目的 本研究旨在系统评估管电压、电流核、单能量后处理对支架可视化的影响。

方法 使用第三代双源扫描仪的可用管电压设置,在专用体模中放置一个 6 毫米的铬钴外周支架,进行单能量(SE)和双能量(DE)模式扫描。使用最新的卷积核和单能量重建(40-190keV)对 DE 进行图像重建。使用内部构建的自动分析工具分析支架支柱的清晰度(S)、支柱宽度(SW)、对比噪声比(CNR)和有支架与无支架血管之间的伪增强(PE)。通过计算 z 分数对测量值进行标准化。通过将 S 和 SW、CNR 和 SW 以及 PE 和 S 和 SW、CNR 和 PE 相加,将 z 分数组合成支架(SQ)、管腔(LQ)和整体描绘质量(OQ)。两位读者使用 5 分李克特量表对整体支架描绘进行评分。使用线性加权 kappa 计算一致性。使用 Spearman 相关系数计算相关性。

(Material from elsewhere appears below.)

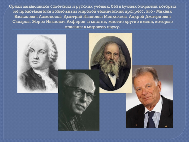 представляется возможным мировой технический прогресс, это - Михаил Васильевич Ломоносов, Дмитрий Иванович Менделеев, Андрей Дмитриевич Сахаров, Жорес Иванович Алферов и многие, многие другие имена, которые вписаны в мировую науку.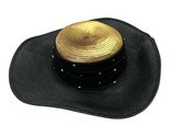 Vtg Whittall & Shon Black Wide-Brim Hat with Gold Sequin Crown & Studded Band

结果 S 和 CNR 的最大值分别为[DE;100/Sn150kV;Qr59;40keV]的 169.1HU/pixel 和[SE;70kV;Bv36]的 50.0。SW 和 PE 的最小值分别为[DE;80 至 90/Sn150kV;Qr59;140 至 190keV]的 2.615mm 和[DE;80/Sn150kV;Qr36;190keV]的 0.12HU。SQ、LQ 和 OQ 的最佳组合 z 分数分别为[DE;100/Sn150kV;Qr59;40keV]的 4.53、[DE;100/Sn150kV;Qr59;140keV]的 1.23 和[DE;90/Sn150kV;Qr59;50keV]的 2.95。SE 的最佳 OQ 排名第三,为[SE;90kV;Bv59]的 2.89。主观一致性很好(kappa=0.86;P<0.001),与 OQ 相关性良好(rs=0.94,P<0.001)。

结论 与 SECT 相比,结合最新的核和单能量后处理的 DE CT 采集可改善支架可视化。使用 Qr59 内核从 DECT 90/Sn 150kV 采集获得的 50keV 单能量重建可获得最佳的整体结果。